Zhang and Rowe (2014) used decision modelling to show that, for their data, it was possible to dissociate behavioural changes due to learning from those due to speed-accuracy trade-offs (revealing the distinct mechanisms of these two processes). In contrast to these studies, our approach is to use simulated data of multiple experiments so as to interrogate the value of decision models across a wide range of possibilities.
Ravenzwaaij, Donkin and Vandekerckhov (2017, henceforth vRDV) has considerable sympathy with the approach we adopt here. They show that the EZ model, for across variations in participant number, trial number and effect size, has higher sensitivity to group differences than the full diffusion model, which they ascribe to its relative simplicity (a striking illustration of the bias/variance trade-off in model fitting Yarkoni and Westfall 2017).
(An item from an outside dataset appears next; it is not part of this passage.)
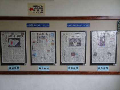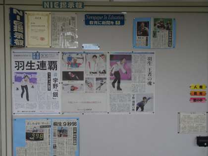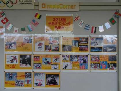 オリンピックコーナーには、平昌オリンピックの名場面が掲示されています。また、NIE掲示板には、オリンピックに関する新聞記事が掲示されています。4紙の記事を読み比べてみましょう。(遠藤)

2.5 Contribution of the current work
Our work extends prior work in a number of ways. Our fundamental comparison is in the sensitivity of model parameters compared to behaviourally observed measures (RT, accuracy). Our purpose is not to compare different `measurement models’ (Ravenzwaaij, Donkin, and Vandekerckhove 2017), but to illustrate the benefits for experimentalists of using any decision model over analysing a singular behavioural measure (reaction time or accuracy in isolation).
We use the EZ model, for reasons of computational efficiency, and because prior work has shown that in most circumstances it preserves the benefits of fuller decision modelling approaches. We also confirm that the basic pattern of results holds for other model fitting methods, the HDDM (Wiecki, Sofer, and Frank 2013) and fast-dm (Voss and Voss 2007). We simulate null group effects and so can show false alarm rates as well as calculate results in terms of d’. Our use of d’ allows quantitative comparison and estimation of size of benefit across different speed-accuracy conditions. We explore the combined effects of group shifts in both drift and boundary, and so can show implications of speed-accuracy trade-offs between groups, alongside drift differences.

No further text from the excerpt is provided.